TASK TO CARRY OUT. Without adding anything, give again the lines from the one holding "Diese Wunderschöne Verstärkte" through the final line of the records, exactly, with both ends included and pictures dropped.

Excerpts from a dataset

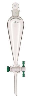 FUNNEL, SEPARATORY, SQUIBB, FLUOROPOLYMER RESIN STOPCOCK^ 30ml. Stopcock Size: 2; Stopper Size: 13. Squibb style separatory funnel with a fluoropolymer resin stopcock. Supplied complete with a flask length stopper of the listed size. For replacement stoppers see CG-3018.
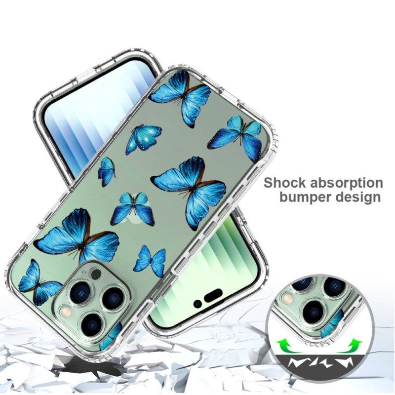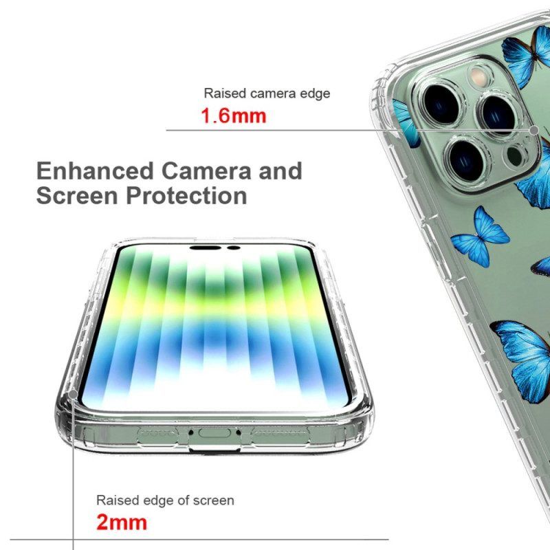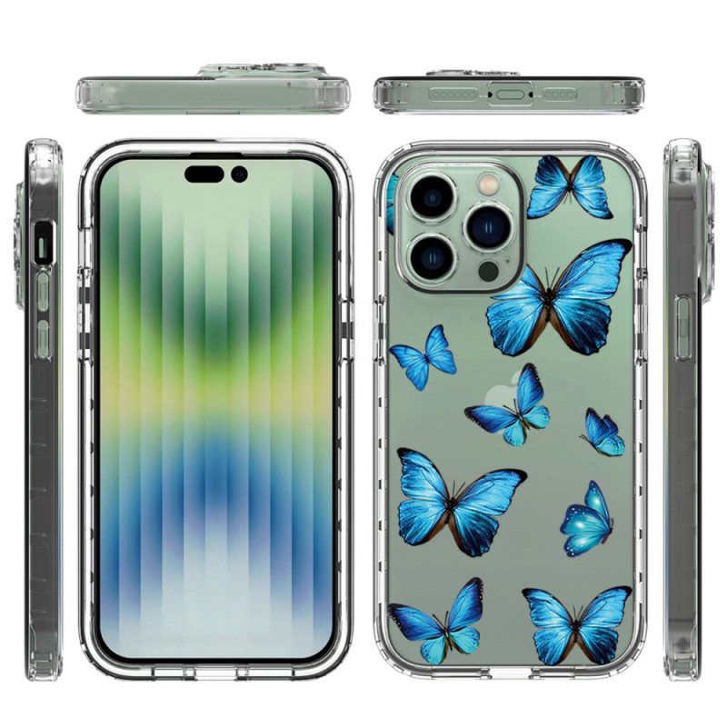 Diese Wunderschöne Verstärkte Hülle, Die Mit Blauen Schmetterlingen Verziert Ist, Zeigt Nur Das Muster Auf Ihrem Iphone 14 Pro Max.
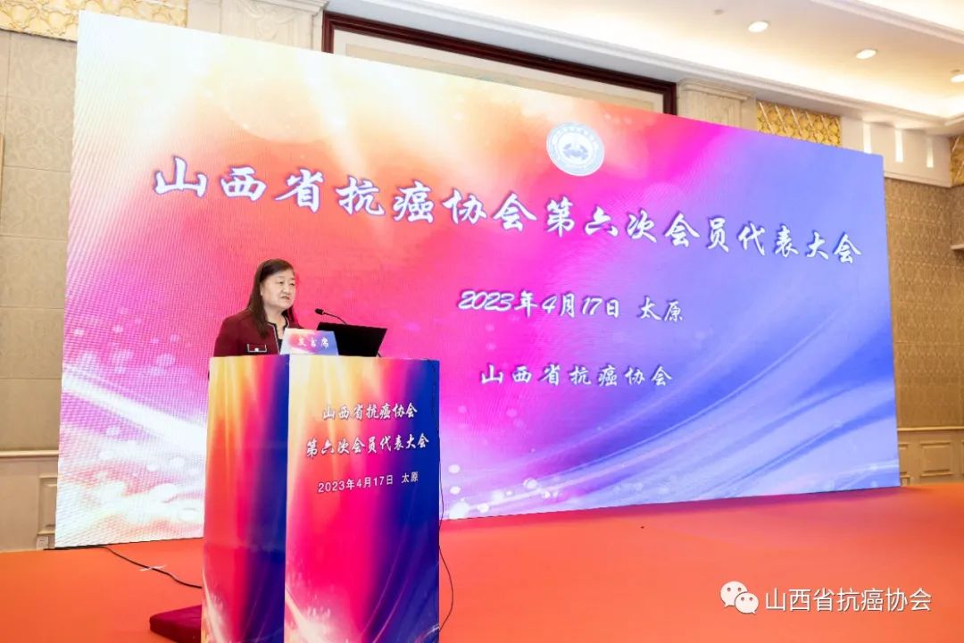2023年4月17日,山西省抗癌协会第六次会员代表大会在太原顺利召开。中国抗癌协会王瑛副理事长、山西省卫健委刘保升巡视员、山西省科协王继龙副主席出席会议并致辞,山西省抗癌协会历任老领导:赵震寰教授、王生虎教授、冯守山教授以及来自全省的200名会员代参加会议。经全体会员代表无记名投票选举,会议产生新一届理事会、监事会。会议由王晋芬秘书长主持。
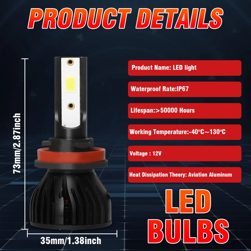 Bulb Type: H8/H9/H11 LED light source: CSP LED Chips,12 SMD Chips
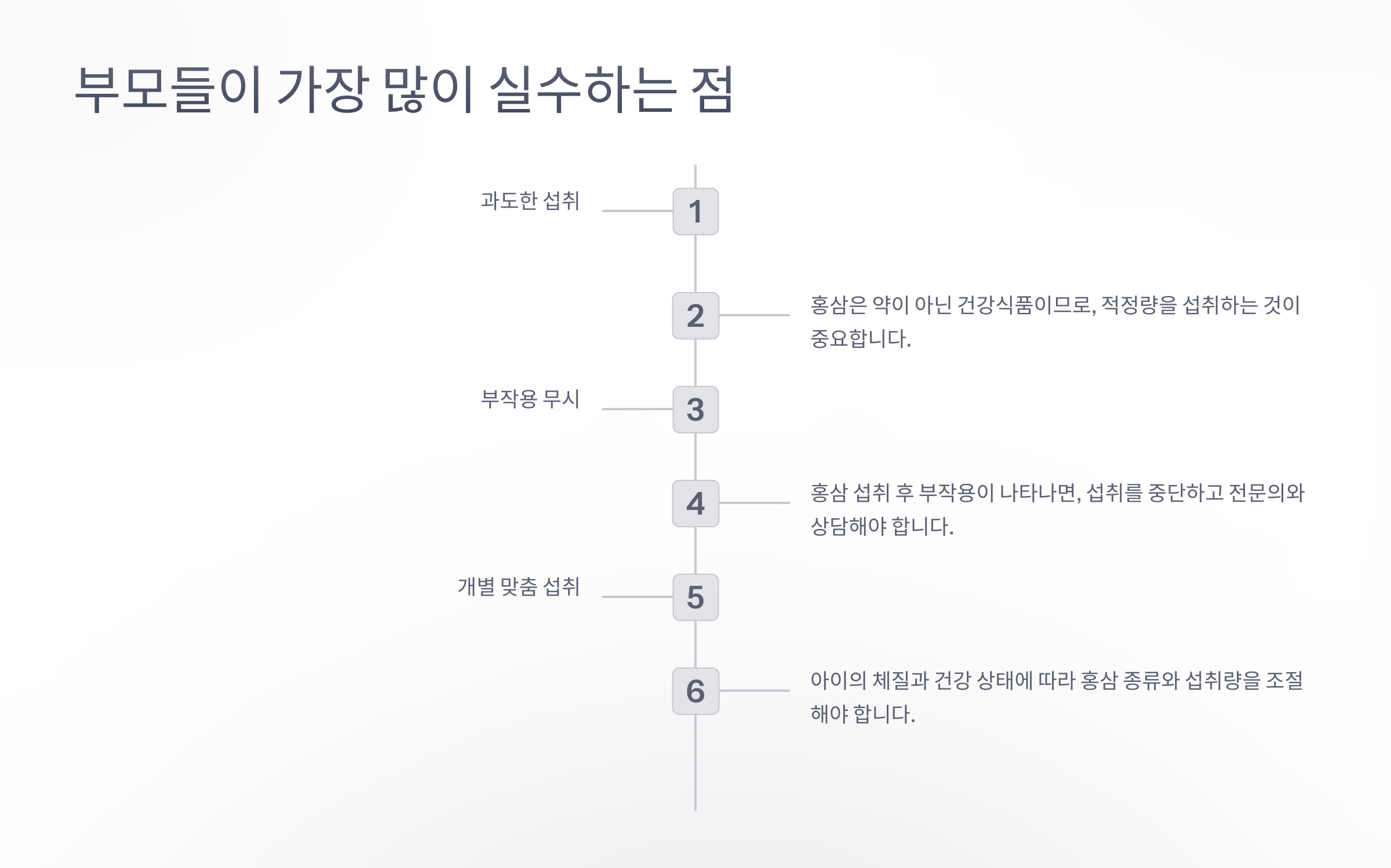 홍삼을 먹일 때 부모님들이 자주 실수하는 부분이 있어요. 아무리 몸에 좋은 홍삼이라도 잘못된 방식으로 섭취하면 오히려 역효과가 날 수 있어요.
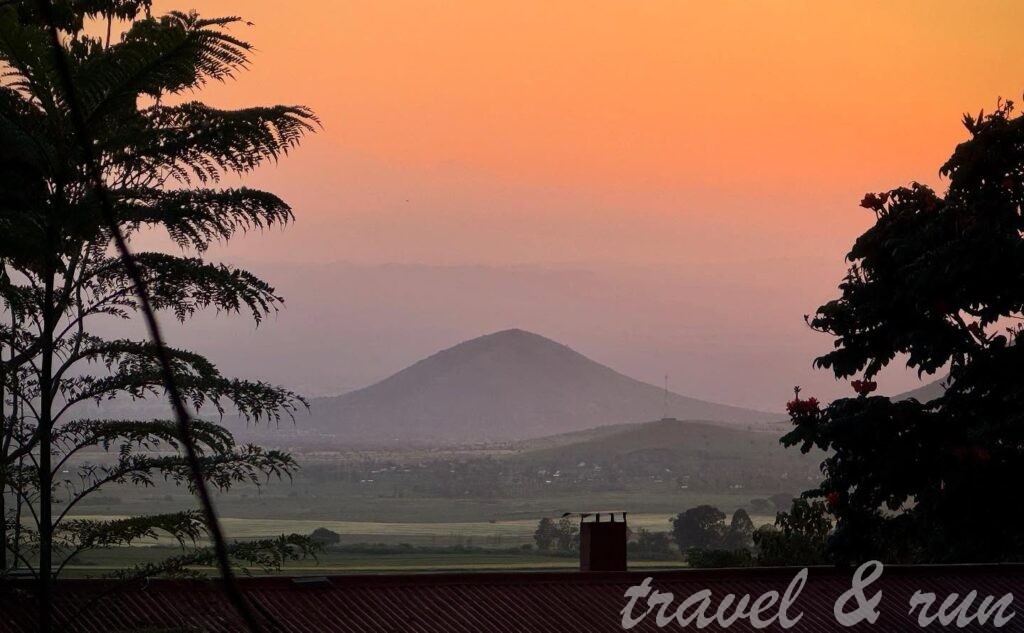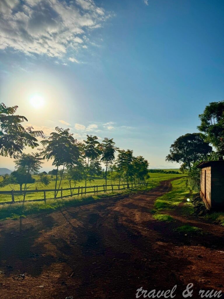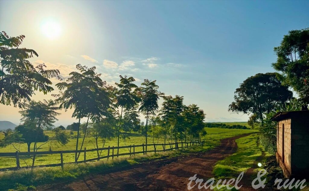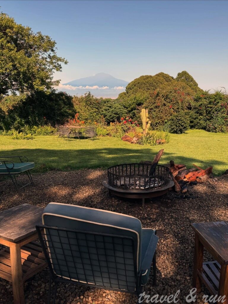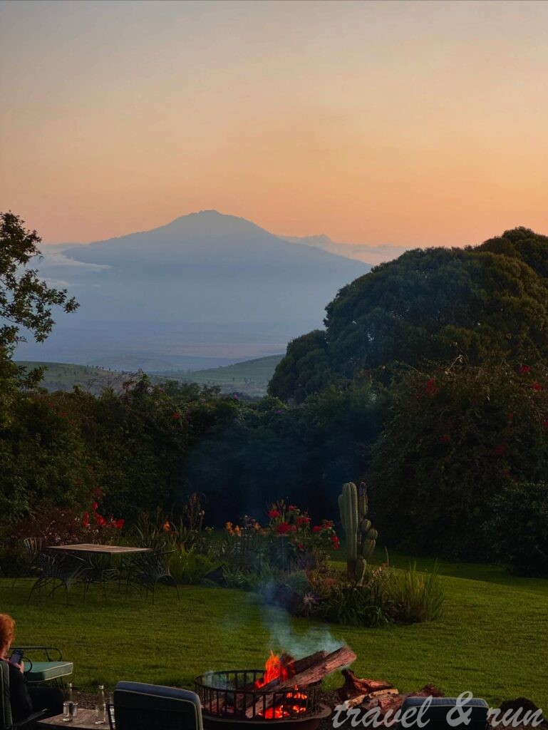 到了 Simba Farm之後,景觀為之一變,田地本身沒什麽好說的,就跟世界各地一般的田地沒兩樣,但農莊的待客區就很舒服的歐式莊園,吃住都滿好的,乾乾淨淨漂漂亮亮的花園跟用餐區,讓人完全感受不出來農場外的發展落後景觀。安頓好行李後大約下午四點,我看距離晚餐前還有時間,就去農場繞一圈跑了大約7km。這裡海拔大約 1700M,所以雖然接近赤道 (大約南緯3度而已,根本可以說在赤道旁),但是因為海拔高氣候還算涼爽,日落時分其實還滿適合在野外跑跑的。跑完結束剛好可以在花園用餐,並欣賞日落與暮光中遠方的幾座高山 (除了 Kilimanjaro之外,這邊還有一座海拔高達4,562高的 Mt. Meru ,以及散落在東非高原上的一些小山)。今晚吃飽喝足,試了一罐 Kilimanjaro beer (名字聽起來很威,但是他就是個啤酒而已)。晚餐結束後,接下來七天的導遊 Salim 有先來說明一下接下來幾天的行程,要我們好好睡一覺,明天只是熱身,後面才是真的爬山。東非這邊跟台灣時差5小時,所以晚上九點其實已經是台灣的半夜兩點了,加上中間轉機也沒睡好,所以基本上是倒頭就睡。

ANSWER BELOW.
 Diese Wunderschöne Verstärkte Hülle, Die Mit Blauen Schmetterlingen Verziert Ist, Zeigt Nur Das Muster Auf Ihrem Iphone 14 Pro Max.
2023年4月17日,山西省抗癌协会第六次会员代表大会在太原顺利召开。中国抗癌协会王瑛副理事长、山西省卫健委刘保升巡视员、山西省科协王继龙副主席出席会议并致辞,山西省抗癌协会历任老领导:赵震寰教授、王生虎教授、冯守山教授以及来自全省的200名会员代参加会议。经全体会员代表无记名投票选举,会议产生新一届理事会、监事会。会议由王晋芬秘书长主持。
 Bulb Type: H8/H9/H11 LED light source: CSP LED Chips,12 SMD Chips
 홍삼을 먹일 때 부모님들이 자주 실수하는 부분이 있어요. 아무리 몸에 좋은 홍삼이라도 잘못된 방식으로 섭취하면 오히려 역효과가 날 수 있어요.
 到了 Simba Farm之後,景觀為之一變,田地本身沒什麽好說的,就跟世界各地一般的田地沒兩樣,但農莊的待客區就很舒服的歐式莊園,吃住都滿好的,乾乾淨淨漂漂亮亮的花園跟用餐區,讓人完全感受不出來農場外的發展落後景觀。安頓好行李後大約下午四點,我看距離晚餐前還有時間,就去農場繞一圈跑了大約7km。這裡海拔大約 1700M,所以雖然接近赤道 (大約南緯3度而已,根本可以說在赤道旁),但是因為海拔高氣候還算涼爽,日落時分其實還滿適合在野外跑跑的。跑完結束剛好可以在花園用餐,並欣賞日落與暮光中遠方的幾座高山 (除了 Kilimanjaro之外,這邊還有一座海拔高達4,562高的 Mt. Meru ,以及散落在東非高原上的一些小山)。今晚吃飽喝足,試了一罐 Kilimanjaro beer (名字聽起來很威,但是他就是個啤酒而已)。晚餐結束後,接下來七天的導遊 Salim 有先來說明一下接下來幾天的行程,要我們好好睡一覺,明天只是熱身,後面才是真的爬山。東非這邊跟台灣時差5小時,所以晚上九點其實已經是台灣的半夜兩點了,加上中間轉機也沒睡好,所以基本上是倒頭就睡。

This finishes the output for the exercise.